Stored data
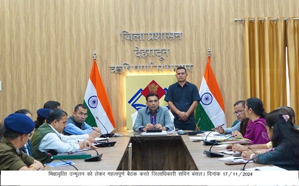 देहरादून :  शहर को बाल भिक्षावृत्ति से मुक्त करने की कवायद परवान चढते दिख रही है, इसी परिपेक्ष्य में जिलाधिकारी सविन बंसल की अध्यक्षता में ऋषिपर्णा सभागार कलेक्ट्रेट में भिक्षावृत्ति उन्मूलन को लेकर महत्वपूर्ण बैठक आयोजित की गई। मुख्य शिक्षा अधिकारी एवं जिला प्रोबेशन अधिकारी द्वारा विगत सप्ताह से  भिक्षावृत्ति से रेस्क्यू किये जाने वाले बच्चों हेतु तैयार किये गए माइक्रो प्लान को जिलाधिकारी ने अनुमोदन दे दिया है।  इसी दौरान रेस्क्यू किये जाने वाले बच्चों को इन्टेंसिव केयर शैल्टर में उचित माहौल उपलब्ध कराने हेतु 03 सामाजिक संगठनों आसरा, सरफीना, समर्पण से जिला प्रशासन का एमओयू हस्ताक्षर कर आपस में अंतरित हो गया है।
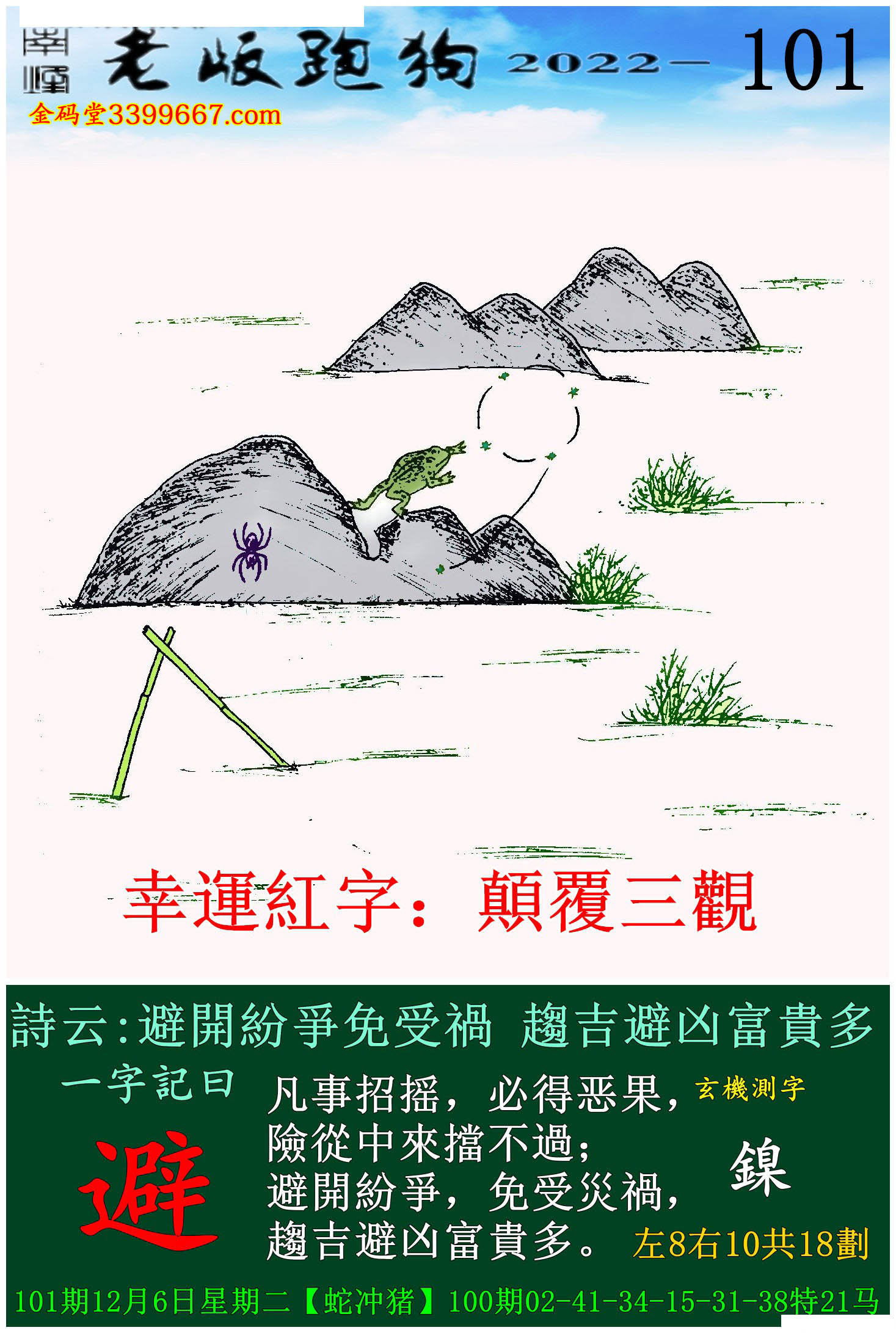 101期老版跑狗一字記之曰:【避】
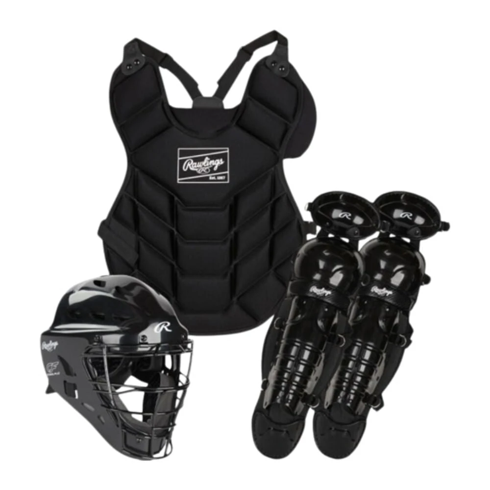 Introducing the Rawlings Players Series 2.0 Junior 7-9 Baseball Catchers Set. The Rawlings Players Series 2.0 Catchers Set includes Leg Guards, Chest Protector, and Catcher’s Helmet. This set is recommended for players ages 7-9.
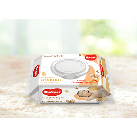 Thùng 12 gói Khăn ướt Huggies không mùi (80 miếng/gói) , bơ cacao hạt mỡ (72 miếng/gói)
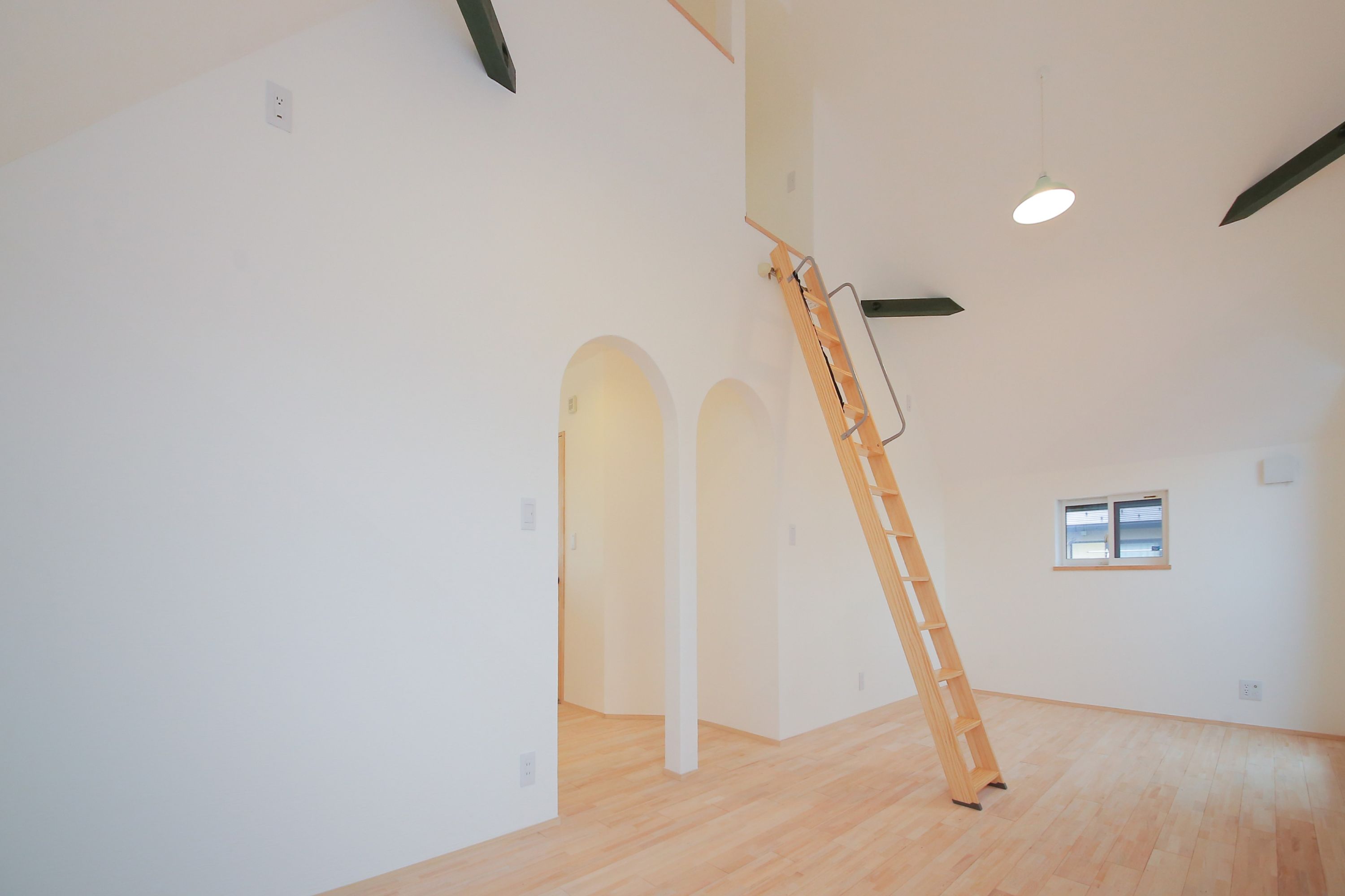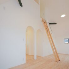 お子様の成長に合わせて間仕切り可能な子ども部屋。アクセントとなるグリーンに塗装された火打ち梁が、空間に遊び心をプラス。そして、お子様の冒険心をくすぐる、秘密基地のようなワクワクする小屋裏空間もご用意しました。
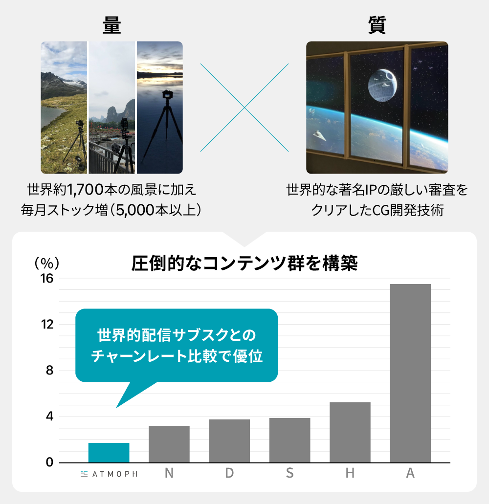 映像コンテンツは、自社で撮影・編集した1,700本以上の世界各地の風景動画で構成され、他社の追随を許さないMOAT※を構築できていると自負しています。
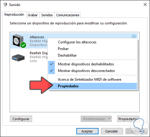 Para deshabilitar esta función vamos al panel de control de sonido integrado en Windows 10 e iremos a la pestaña “Reproducción” y allí damos clic derecho sobre el dispositivo actual y seleccionamos “Propiedades”:
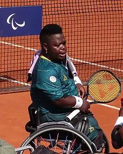 Donald Ramphadi (born 10 June 1993),[3] nicknamed Dona,[3] is a South African wheelchair tennis player who plays in the sport's quad division. Ramphadi, alongside partner Andy Lapthorne, is the 2023 French Open quad wheelchair doubles champion.[4] Ramphadi has also been the runner-up in numerous quad wheelchair doubles grand slam events, with frequent partners including Lapthorne, Lucas Sithole, and Koji Sugeno.[5] Ramphadi and Sithole won bronze in the quad doubles wheelchair tennis event at the Paris 2024 Paralympic Games, which was the African continent's first-ever wheelchair tennis medal.[6]
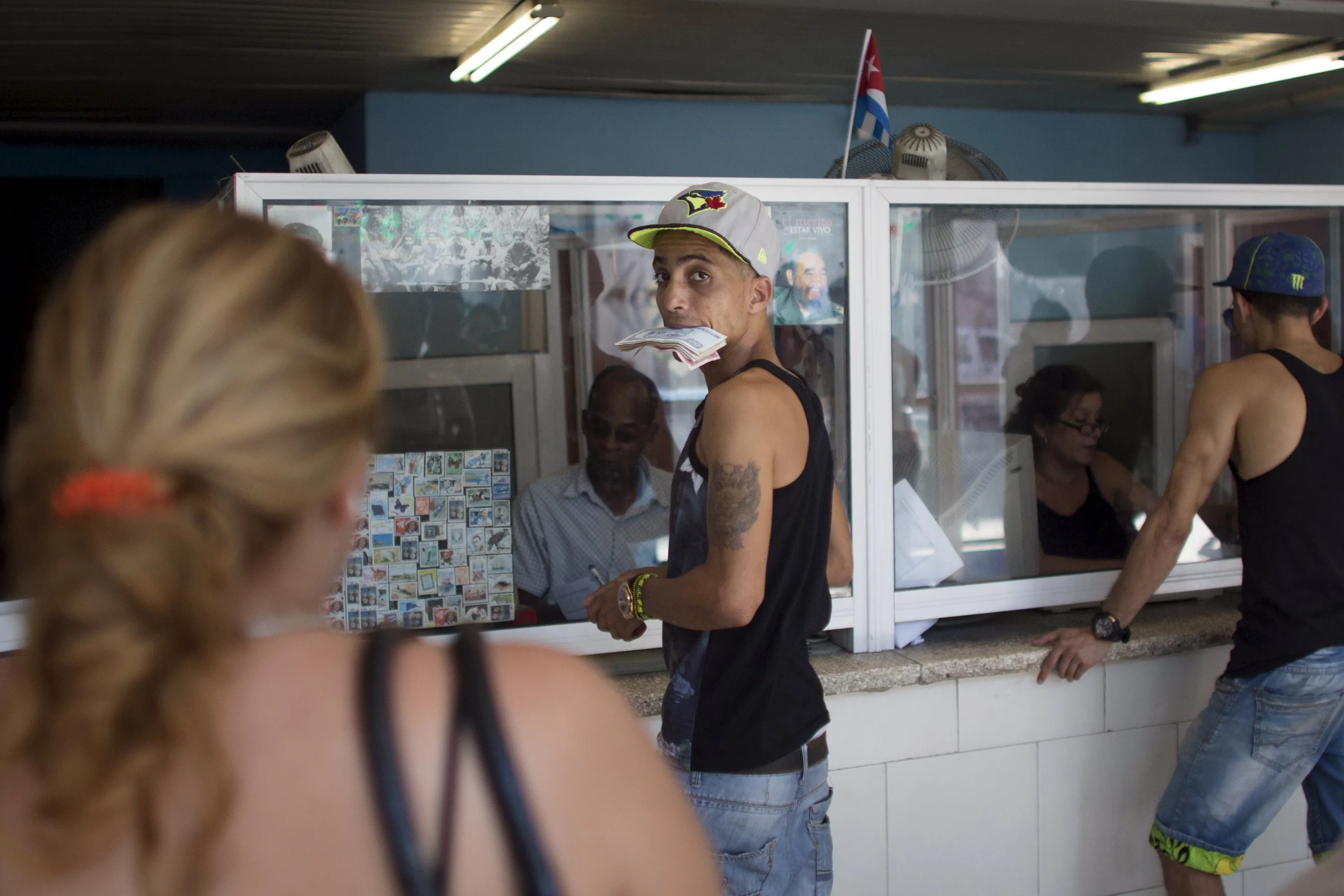 A man with money in his mouth looks on at a post office in Havana, December 11, 2015. Cuba and the U.S. have agreed to restore direct postal service after a half-century rupture in one of the first bilateral deals since the former Cold War foes re-established diplomatic ties in July. (Photo by Alexandre Meneghini/Reuters)
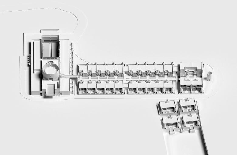 The quarry was cut along a ridge, creating the impression of an artificial valley today. The architects organized the hotel in three blocks each oriented along a different axis. The reception building is positioned along an east-west axis and includes a rotunda in the centre, from which the main block extends along a north-south axis before ending with four two-storey units as a spatial counterpoint to the entrance hall. At the point where this two-storey section begins, a second east-west connection to a third free-standing block containing a further four units that descend in the topography.
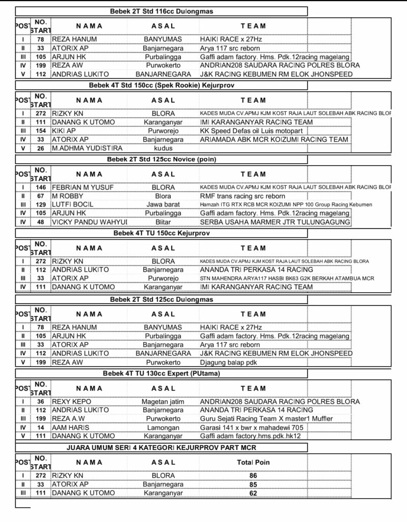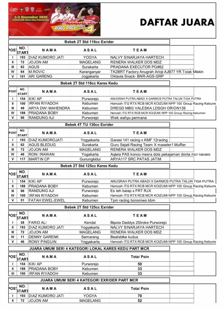 Otospeed.id – Purworejo. Speedlovers pecinta balap road race sebangsa dan setanah air, perhelatan kejuaraan balap road race Casytha Manahadap Putaran yang ke-4 yang digelar di Sirkuit Non Permanen Alun-Alun Purworejo pada Hari Sabtu – Minggu, 1-2 November 2025 telah usai diselenggarakan dengan sukses.
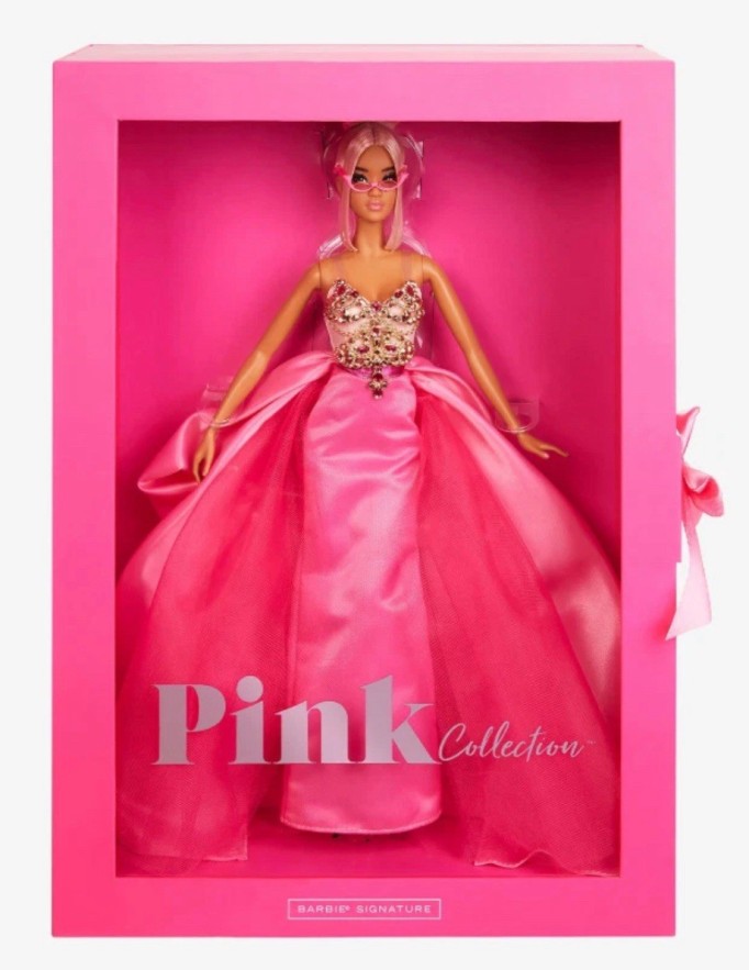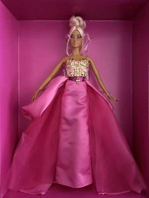 The fith and final Barbie in the collection. Classic Barbie glamour meets trendy fashions. She is the first Asian Barbie from this series and makes a stunning debut in a completely pink outfit with a satin skirt and a golden top on which the pink stones glitter. Her look is rounded off by a blonde updo with pink strands, sunglasses with floating lenses and see-through pink mules. With Silkstone body
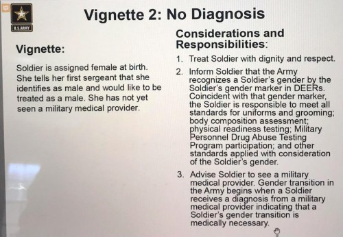MILITARY: All Army personnel, from soldiers to commanders and supervisors, are required to participate in gender sensitivity training before Sept. 30, 2022. The graphic is one of the slides from the presentation. I am definitely not going to ask my kids how they feel about this, cuz they try hard not to use coarse language around me and I don’t want to make it harder for them.
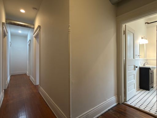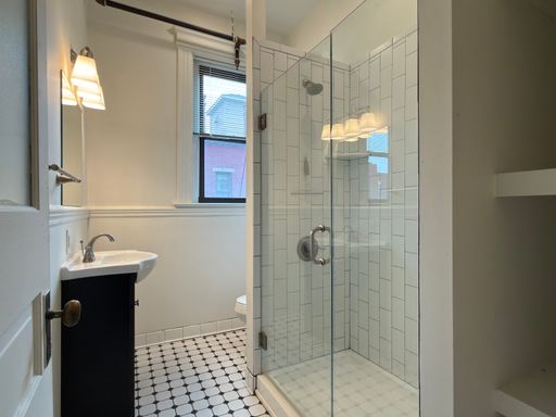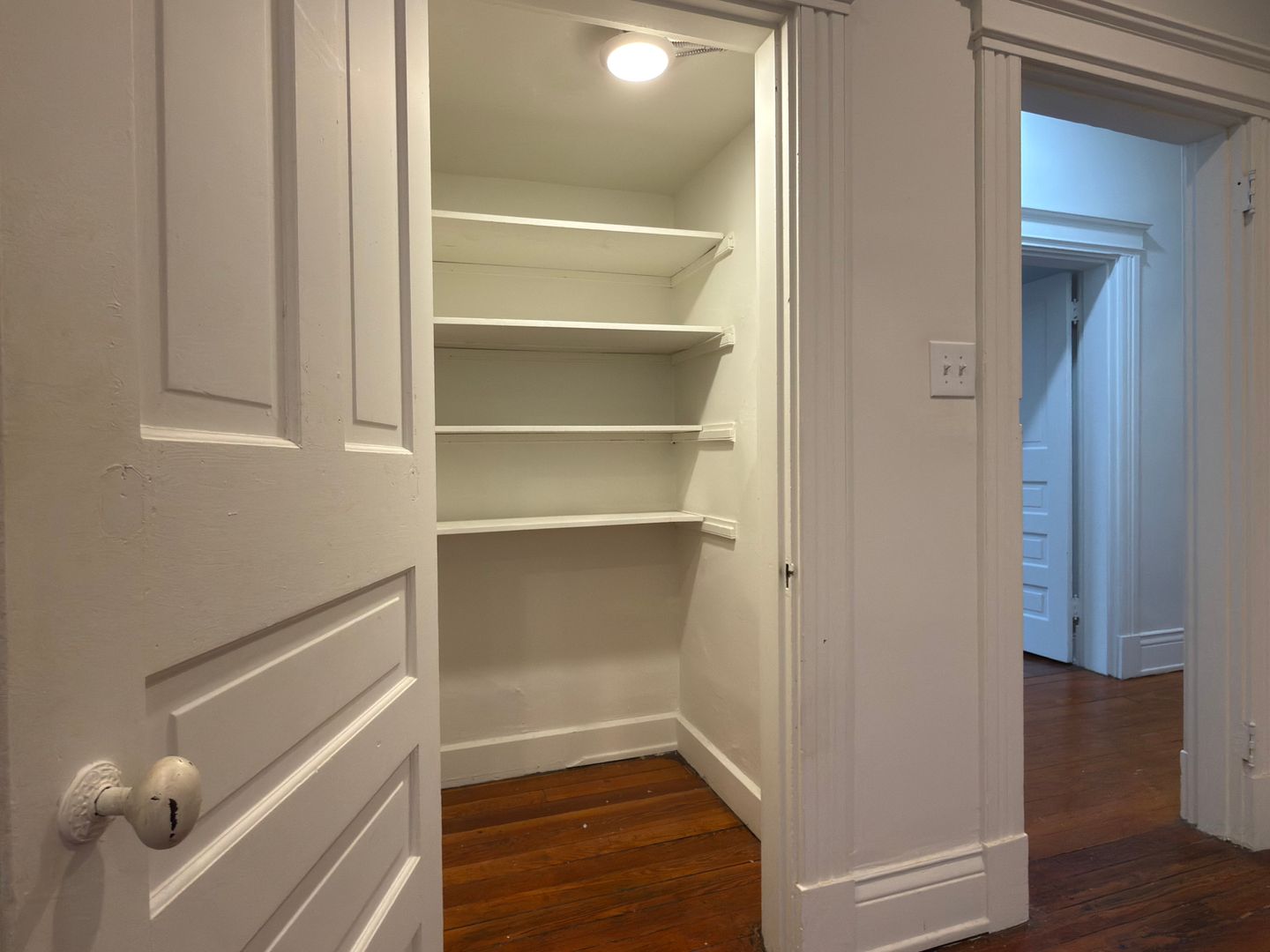 Updated bathrooms with subway tile and linen shelving. Freshly renovated kitchens with updated appliances, and quartz countertops and large pantry. Spacious floor plans with original pocket doors could create a flex room for an office or additional bedroom.

What you will do: Copy out exactly the lines above beginning with the line that contains "101期老版跑狗一字記之曰:【避】" and finishing with the line that contains "Introducing the Rawlings", including both; leave the pictures out.

Written reply:
 101期老版跑狗一字記之曰:【避】
 Introducing the Rawlings Players Series 2.0 Junior 7-9 Baseball Catchers Set. The Rawlings Players Series 2.0 Catchers Set includes Leg Guards, Chest Protector, and Catcher’s Helmet. This set is recommended for players ages 7-9.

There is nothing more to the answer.